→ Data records
= Beginning of Section =

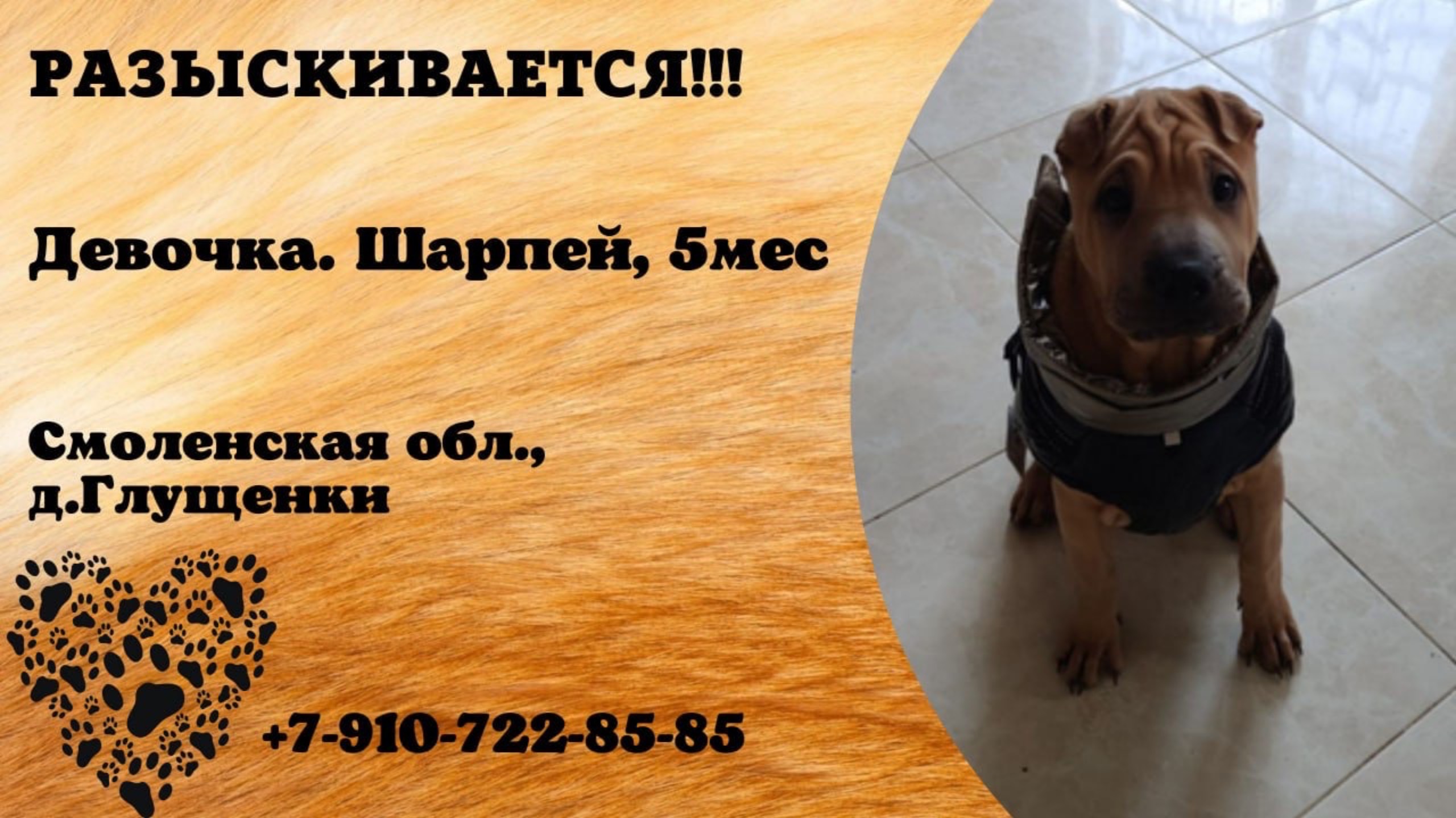 Смоленская Глущенки Пропала собака Пропала собака, порода шарпей, девочка 5 мес. Ночью с 31 декабря на 1 января около часа ночи в районе деревни Глущенки. Нашедшему просьба вернуть🙏🙏🙏Вознаграждение гарантирую. +79107228585 звонить в любое время Инфо: https://vk.com/wall-198815410_168042 Автор: https://vk.com/id64508837 #пропала_собака#смоленская#глущенки
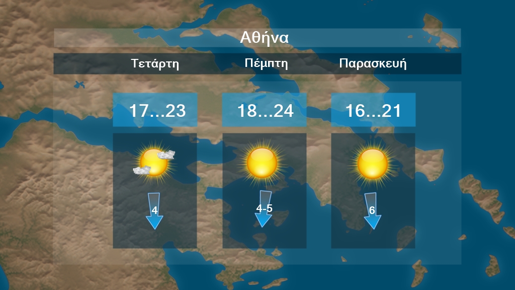 Στην ανατολική Στερεά, τις Σποράδες, την Εύβοια, τις Κυκλάδες, την Κρήτη και τα Δωδεκάνησα προβλέπονται παροδικά αυξημένες νεφώσεις με λίγες τοπικές βροχές στη βόρεια Κρήτη. Στην υπόλοιπη χώρα γενικά αίθριος καιρός. Η ορατότητα θα είναι τοπικά περιορισμένη στα δυτικά και βόρεια ηπειρωτικά τις πρωινές και βραδινές ώρες. Οι άνεμοι θα πνέουν από βόρειες διευθύνσεις 3 με 5 και στο Αιγαίο τοπικά 6 μποφόρ με σταδιακή εξασθένηση από το μεσημέρι. Η θερμοκρασία θα σημειώσει μικρή άνοδο και θα φθάσει στα βόρεια τους 21 με 23 βαθμούς και στις υπόλοιπες περιοχές τους 23 με 25 βαθμούς Κελσίου.
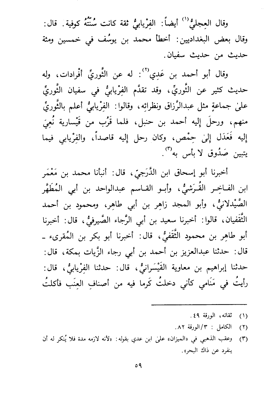 وَقَال العجلي (1) أيضا: الفريابي ثقة كانت سنته كوفية. قال: وَقَال بعض البغداديين: أخطأ مُحَمَّد بْن يوسف في خمسين ومئة حديث من حديث سفيان.
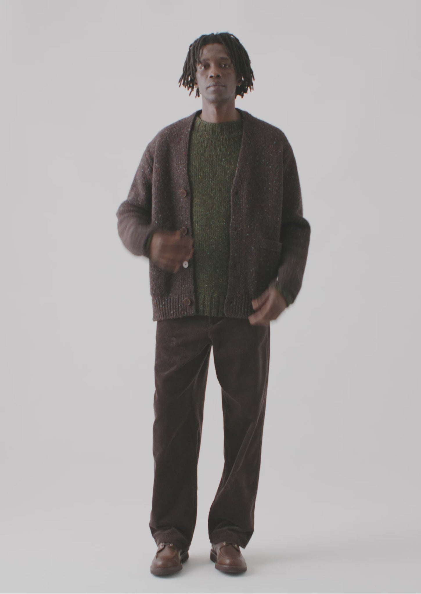 Our cardigan is knitted from weighty, flecky wool which is spun in Donegal, Ireland. With a relaxed V-neck shape accented by side patch pockets. Part of our Menswear collection.
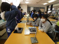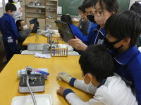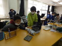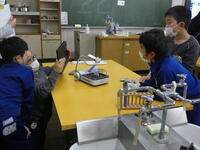 実験装置の扱い方に注意をしながら、予想を立て実験を始め、タブレットを活用して観察記録をとっていました。
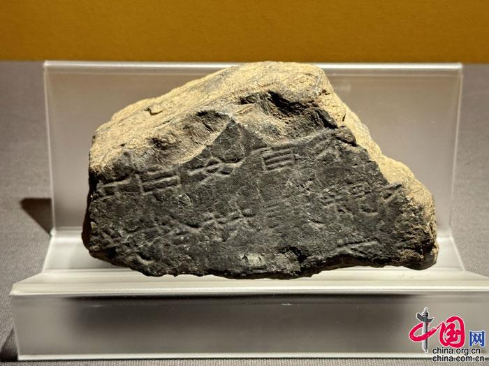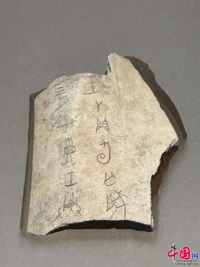 商代“工典”卜骨。卜辞大意为商王占卜,贞问下一旬有无灾祸。辞末记录了四月“甲子”日要举行祭祀仪式。 摄影 中国网记者 苏向东
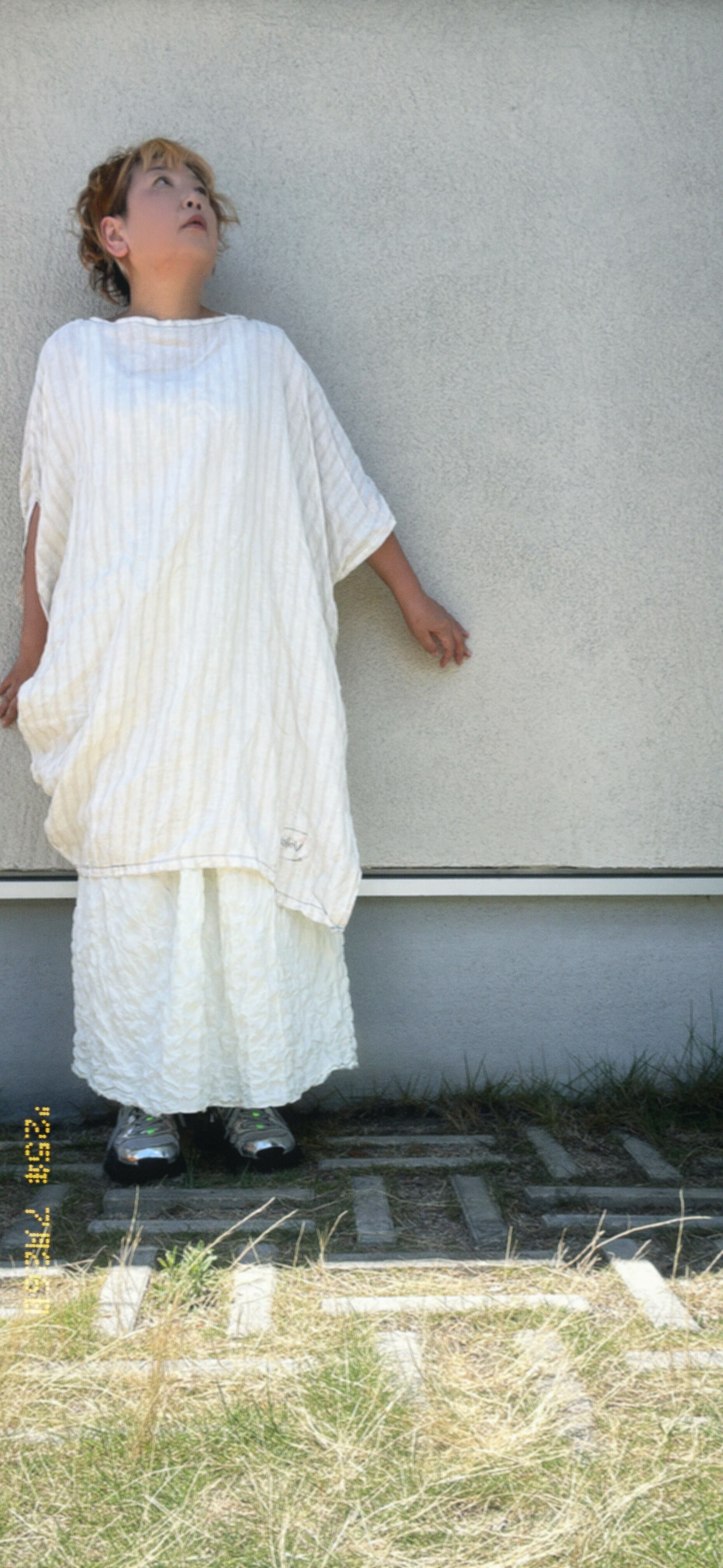 リネン100%のアシンメトリーなスタイルのワンピース
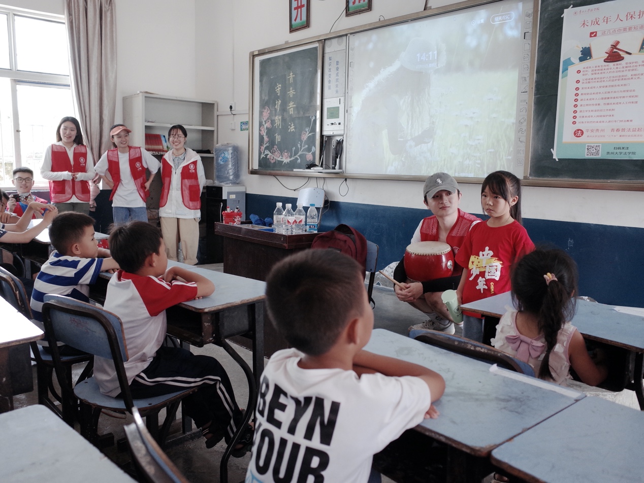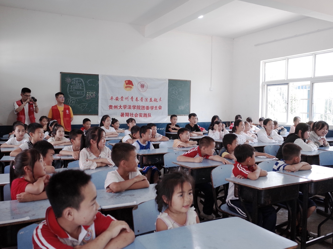 7月15日,beat365在线唯一官网“三下乡”暑期社会实践队走进黔东南苗族侗族自治州丹寨县兴仁镇烧茶小学,开展“平安贵州,青春普法益起来”法治宣传活动,50余名当地小学生参与活动。
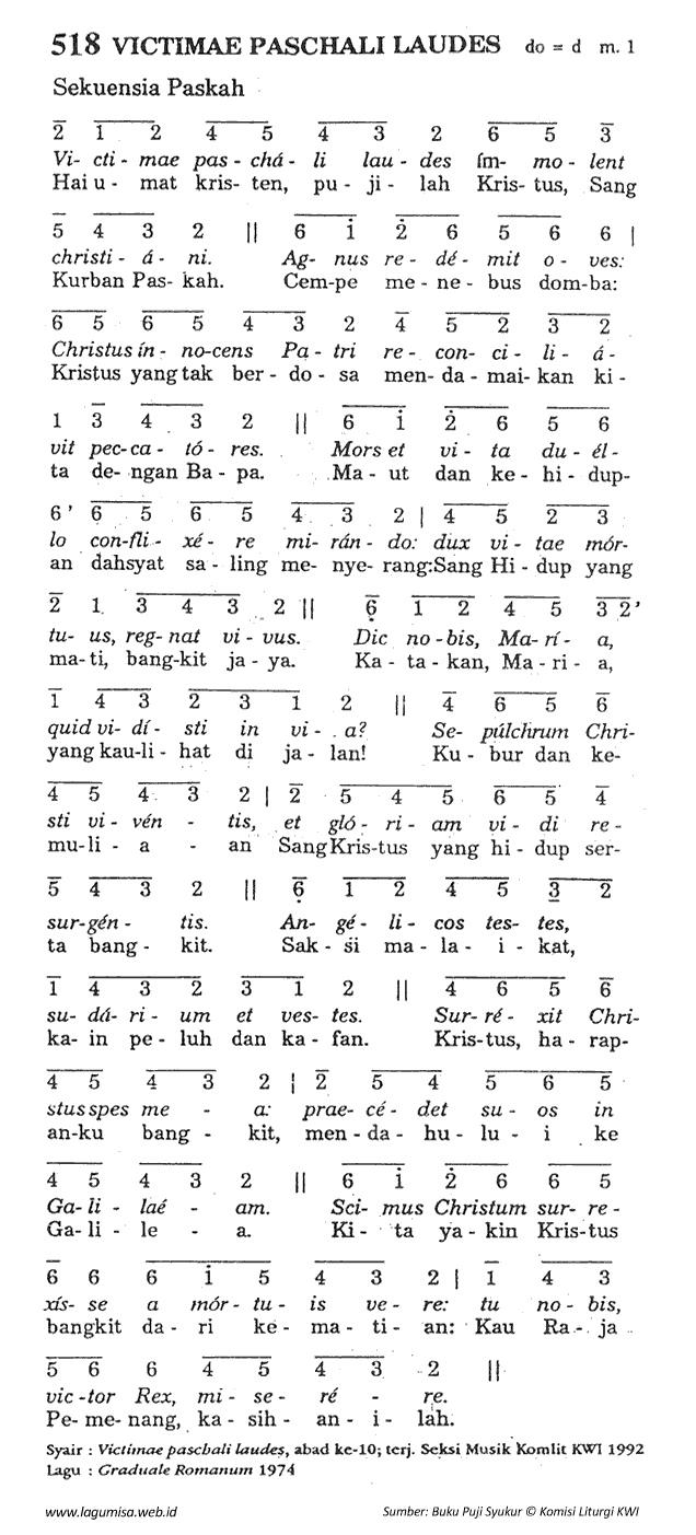 PS-518 | VICTIMAE PASCHALI LAUDES | Sekuensia Paskah | re=d m.1 |
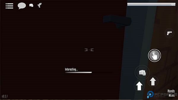 3、滑动屏幕控制视角方向,左边有隐形轮盘可以前进,右下角可以跳跃,点击拳头可以攻击。
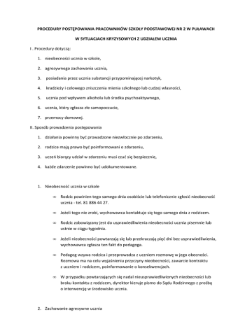 PROCEDURY POSTĘPOWANIA PRACOWNIKÓW SZKOŁY PODSTAWOWEJ NR 2 W PUŁAWACH W SYTUACJACH KRYZYSOWYCH Z UDZIAŁEM UCZNIA I . Procedury dotyczą: 1. nieobecności ucznia w szkole, 2. agresywnego zachowania ucznia, 3. posiadania przez ucznia substancji przypominającej narkotyk, 4. kradzieży i celowego zniszczenia mienia szkolnego lub cudzej własności, 5. ucznia pod wpływem alkoholu lub środka psychoaktywnego, 6. ucznia, który zgłasza złe samopoczucie, 7. przemocy domowej. II. Sposób prowadzenia postępowania 1. działania powinny być prowadzone niezwłocznie po zdarzeniu, 2. rodzice mają prawo być poinformowani o zdarzeniu, 3. uczeń biorący udział w zdarzeniu musi czuć się bezpiecznie, 4. każde zdarzenie powinno być udokumentowane. 1. Nieobecność ucznia w szkole • Rodzic powinien tego samego dnia osobiście lub telefonicznie zgłosić nieobecność ucznia - tel. 81 886 44 27. • Jeżeli tego nie zrobi, wychowawca kontaktuje się tego samego dnia z rodzicem. • Rodzic zobowiązany jest do usprawiedliwienia nieobecności ucznia pisemnie lub ustnie w ciągu tygodnia. • Jeżeli nieobecności powtarzają się lub przekraczają pięć dni bez usprawiedliwienia, wychowawca zgłasza ten fakt do pedagoga. • Pedagog wzywa rodzica i przeprowadza z uczniem rozmowę w jego obecności. Rozmowa ma na celu wyjaśnieniu przyczyny nieobecności, zawarcie kontraktu z uczniem i rodzicem, poinformowanie o konsekwencjach. • W przypadku powtarzających się nadal nieusprawiedliwionych nieobecności lub braku kontaktu z rodzicem, dyrektor kieruje pismo do Sądu Rodzinnego z prośbą o interwencję w środowisko ucznia. 2. Zachowanie agresywne ucznia • Nauczyciel zdecydowanie przerywa agresywne zachowanie sprawcy wobec ofiary. • Zawiadamia wychowawcę i pedagoga. • Pedagog zajmuje się uczniem, który zachował się agresywnie. Wychowawca zawiadamia rodziców ucznia i informuje o agresywnym zachowaniu. • Wychowawca zawiadamia rodziców ucznia poszkodowanego i jeśli to konieczne prosi o przybycie do szkoły. • Wicedyrektor, wychowawca i pedagog przeprowadzają rozmowę z rodzicem ucznia mającego problemy z zachowaniem: - analizują przyczyny niewłaściwego zachowania, - zobowiązują rodzica do systematycznego kontaktowania się ze szkołą, - pedagog proponuje rodzicom formy oddziaływania na ucznia, które pomogą w zmianie jego zachowania. - podpisują kontrakt z uczniem. • W sytuacji, kiedy uczeń w dalszym ciągu stwarza zagrożenie dla innych uczniów dyrektor, w porozumieniu z wychowawcą i pedagogiem, kieruję wniosek do Sąd Rodzinnego. • Ze wszystkich działań wychowawca lub pedagog sporządza notatki służbowe podpisane przez osoby uczestniczące. 3. Posiadanie przez ucznia substancji przypominającej narkotyk • Nauczyciel zabezpiecza substancję do czasu przyjazdu policji. • Powiadamia dyrektora szkoły i wzywa w trybie natychmiastowym rodziców/opiekunów ucznia. • Pedagog bądź dyrektor próbuje ustalić od kogo uczeń nabył substancję. • Dyrektor przekazuje zabezpieczoną substancję policji oraz informacje dotyczące zdarzenia. • Z przeprowadzonych działań wychowawca lub pedagog sporządza notatkę służbową. 4. Kradzież i celowe zniszczenie mienia szkolnego lub cudzej własności • Wychowawca powiadamia dyrektora szkoły. • Sprawca kradzieży zostaje pod opieką właściwej osoby (wychowawca, pedagog). • Wychowawca na podstawie informacji świadków wyjaśnia okoliczności kradzieży lub zniszczenia mienia. • Wychowawca zawiadamia rodziców ucznia-sprawcy, którzy mają obowiązek zgłosić się do szkoły. • W przypadku szkody dyrektor szkoły ma prawo obciążyć rodzica odpowiedzialnością finansową. • Konsekwencją dla ucznia jest obniżona ocena z zachowania. • Wychowawca lub pedagog sporządza notatkę służbową ze zdarzenia. 5. Uczeń pod wpływem alkoholu lub środka psychoaktywnego • Wychowawca lub osoba interweniująca odizolowuje ucznia, ale nie pozostawia go samego (np. pozostawia go pod opieką pielęgniarki lub wzywa lekarza). • Powiadamia o tym fakcie rodziców/opiekunów, których zobowiązuje do natychmiastowego odebrania ucznia ze szkoły. • Dyrektor zawiadamia policję i Sąd Rodzinny. • Uczeń i rodzice są kierowani przez pedagoga do odpowiednich instytucji. • Z przeprowadzonych działań pedagog sporządza notatkę służbową. 6. Uczeń, który zgłasza złe samopoczucie • W przypadku zgłoszenia złego samopoczucia przez ucznia, wychowawca lub nauczyciel kieruje go do pielęgniarki szkolnej lub, w przypadku jej nieobecności, do pedagoga szkolnego. • Wychowawca lub pielęgniarka powiadamia rodziców/opiekunów prawnych ucznia, aby odebrali go ze szkoły. • W nagłych wypadkach dyrektor lub jego zastępca podejmuje decyzję o wezwaniu pogotowia. • Chorego ucznia ze szkoły może odebrać rodzic/opiekun prawny lub bliski członek rodziny. 7. Przemoc domowa • Nauczyciel lub wychowawca, który podejrzewa, że uczeń jest ofiarą przemocy domowej zawiadamia pedagoga oraz pielęgniarkę szkolną, która dyskretnie dokonuje oględzin ucznia. • Pedagog szkolny przeprowadza rozmowę z uczniem, a następnie z jego rodzicami/opiekunami prawnymi w celu wyjaśnienia sytuacji. • Jeżeli sygnały świadczące o przemocy powtarzają się, dyrektor i pedagog kierują pismo do Sądu Rodzinnego w celu zbadania środowiska ucznia. • Z przeprowadzonych działań pedagog sporządza notatkę służbową.
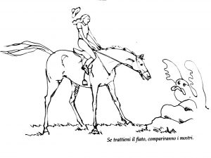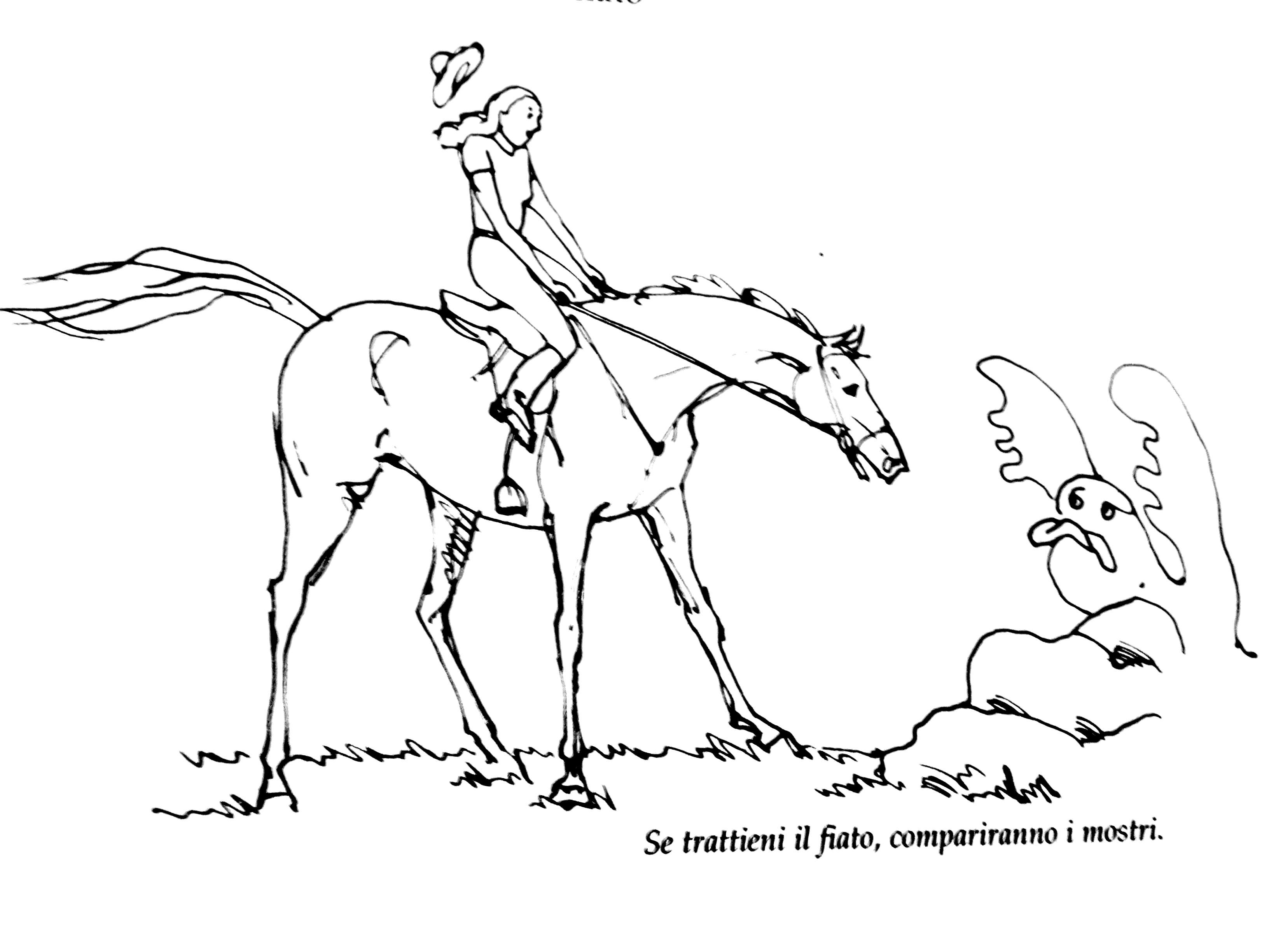 E’ noto che la maggior parte dei cavalieri, specie durante lo svolgimento di una competizione, trattenga il respiro o effettui solo pochi ed irregolari atti respiratori; meno noto è il fatto che anche durante una normale sessione di allenamento in maneggio la maggior parte delle persone in sella abbia un’attività respiratoria non regolare: questa condizione non solo costringe il cuore e il sistema circolatorio ad un iperlavoro, ma influisce direttamente sul rilassamento della muscolatura e dunque sull’armonia dello stare in sella. Un uso corretto della respirazione è di grande importanza: provate a trattenere il fiato per dieci secondi, per poi tornare a respirare normalmente; per tutti diverrà evidente come il corpo si contragga bloccando la respirazione, e come esso si rilassi subito quando riprendiamo regolarmente l’attività. Arrestando la respirazione o respirando inadeguatamente si creano tensioni nel corpo, che il cavallo puntualmente avvertirà e registrerà: matematicamente, se anche involontariamente tratteniamo il fiato, compariranno i mostri:

= End of Section =

→ Task description
Give again the stretch of lines above from the one with "Our cardigan is" through the one with "3、滑动屏幕控制视角方向,左", both ends kept, and copy no pictures.

→ Final answer
 Our cardigan is knitted from weighty, flecky wool which is spun in Donegal, Ireland. With a relaxed V-neck shape accented by side patch pockets. Part of our Menswear collection.
 実験装置の扱い方に注意をしながら、予想を立て実験を始め、タブレットを活用して観察記録をとっていました。
 商代“工典”卜骨。卜辞大意为商王占卜,贞问下一旬有无灾祸。辞末记录了四月“甲子”日要举行祭祀仪式。 摄影 中国网记者 苏向东
 リネン100%のアシンメトリーなスタイルのワンピース
 7月15日,beat365在线唯一官网“三下乡”暑期社会实践队走进黔东南苗族侗族自治州丹寨县兴仁镇烧茶小学,开展“平安贵州,青春普法益起来”法治宣传活动,50余名当地小学生参与活动。
 PS-518 | VICTIMAE PASCHALI LAUDES | Sekuensia Paskah | re=d m.1 |
 3、滑动屏幕控制视角方向,左边有隐形轮盘可以前进,右下角可以跳跃,点击拳头可以攻击。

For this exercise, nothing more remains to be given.